— За деньги сичас же, крепчай того!..
— За де-е-еньги же, а-а? — удивленно спросил мужик.
— А ты полагал, даром?
— По душевному-то, оно бы даром надоть. Ведь тоже, а-а-ах, друг ты мой, и бабье-то дело: ночей ведь не спала, робила. На трудовую копейку-то и купила его. "Теперя умру. говорит, похороните в ней…" А оно вон исшо при живности по ниточке, а? Взвоешь!
— На то и товар, чтоб носился… вековешной бы был, так чего б и было!.. И не торгуй!
— И не носила, ни разу не надевывала. Так это, друг, что глина от воды, так он от иглы-то полз.
— А глаза-то где были, когда покупала?
— Вишь, бабье-то дело… На совесть полагалась…
— И наука!.. Вперед гляди в оба!.. В торговом деле совести нет… И мы не сами делаем, а покупаем!..
— Нау-у-ука!.. Будет помнить! Так уж за ушшерб-то не будет снисхождения, а?.. Одели милость, не обидь, бедное дело-то: слезами баба-то обливалась, ей-богу!
— Гм… А рыба-то у тебя есть, а? — спросил его Петр Матвеевич.

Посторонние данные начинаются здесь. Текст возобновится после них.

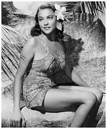 With her looks and figure, Prendergast gained notice while singing and dancing at London's Pigalle nightclub. She began doing bit parts in British films, mostly in "exotic" roles, such as performing the Dance of the Seven Veils in the film Song of Paris. She caught the attention of Warner Brothers, with whom she signed in the early 1950s.[3] She appeared as a Polynesian girl in His Majesty O'Keefe, starring Burt Lancaster, and then in a larger role in Manfish, an adventure film shot in her native Jamaica. She became best known, however, for her glamor photos in magazines and her "scandalous affairs", such as a widely publicized 1955 incident in Rome, in which King Farouk of Egypt and an unnamed Italian prince allegedly came nearly to blows in vying for her affection.[4] Although known for her imperious temper and connections with European royalty, these stories were almost certainly exaggerated.
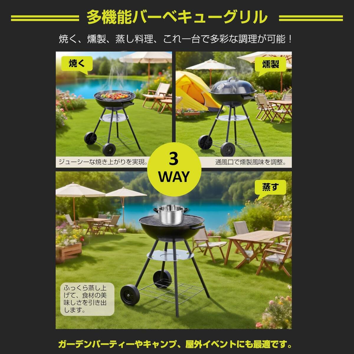 • 【多機能バーベキューグリル】多機能バーベキューグリル焼く、燻製、蒸し料理、これ一台で多彩な調理が可能!焼く:ジューシーな焼き上がりを実現。燻製:通風口で燻製風味を調整。蒸す:ふっくら蒸し上げて、食材の美味しさを引き出します。
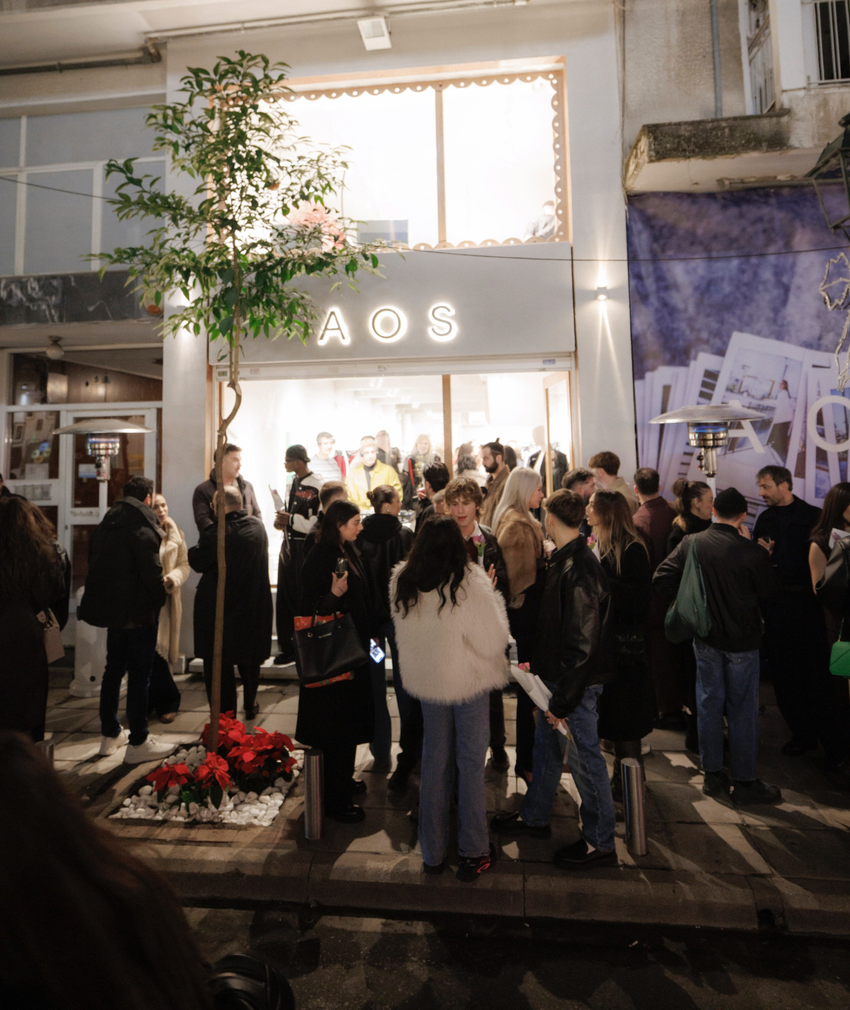 Το pop-up corner στην οδό Προξένου Κορομηλά 58 μεταμορφώθηκε σε έναν σύγχρονο urban προορισμό, όπου η μόδα, η τέχνη και το lifestyle συνυπάρχουν αρμονικά. Καθ’ όλη τη διάρκεια της ημέρας, ο χώρος αποτέλεσε σημείο αναφοράς για το κοινό της πόλης, προσελκύοντας επισκέπτες που είχαν την ευκαιρία να γνωρίσουν από κοντά τη νέα συλλογή, να ανακαλύψουν τα signature κομμάτια του brand και να έρθουν σε επαφή με το σύμπαν του AOS μέσα από ένα επιμελημένο, σύγχρονο σκηνικό που αποτυπώνει την urban αισθητική του.
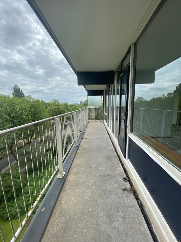 Op de 6e etage gelegen (hoekwoning), licht 3-kamer appartement (103m²) met zonnig, ruim balkon en eigen berging. Parkeren kunt u eenvoudig aan de achterkant op eigen terrein.
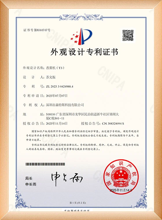 Jakość jest podstawą naszej działalności. Nasze dyfuzory zapachowe posiadają certyfikaty CE, RoHS i FCC. Poza tym wszystkie nasze produkty posiadają ekskluzywną formę i opatentowane.

— Не поробишь — не поешь: наше дело такое, промышлял!..
— Много?
— Не соврать бы сказать-то! Пудов-то с семь наберется!..
— Продаешь?
— Хе… Чу-удной! Неуж самому есть?
— Другие так вон сами есть собираются, брюхо растить хотят.
— А-а-а, наши же мужики? — с удивлением спросил Евсеич.
— Мужики!..
— Не слыхивал, друг. Рази богатым-то, им, точно, брюхо-то нее тяготу, а наше-то дело бедное, нам с брюхом-то мука… пасешь, пасешь на него хлеба, все мало… А-а-ах ты, напасть!.. Ну и прорва! Не купишь ли хошь рыбу-то, а?… и хрушкая есть… Есть и осетрина и нелемки, всякой рыбки сердешной дал бог, промышляли с бабой-то!..
— А как ценой-то за пуд, а?
— За пуд-то?.. Да уж с тебя бы за труды-то, ну и за бабий-то ушшерб надоть бы подороже!..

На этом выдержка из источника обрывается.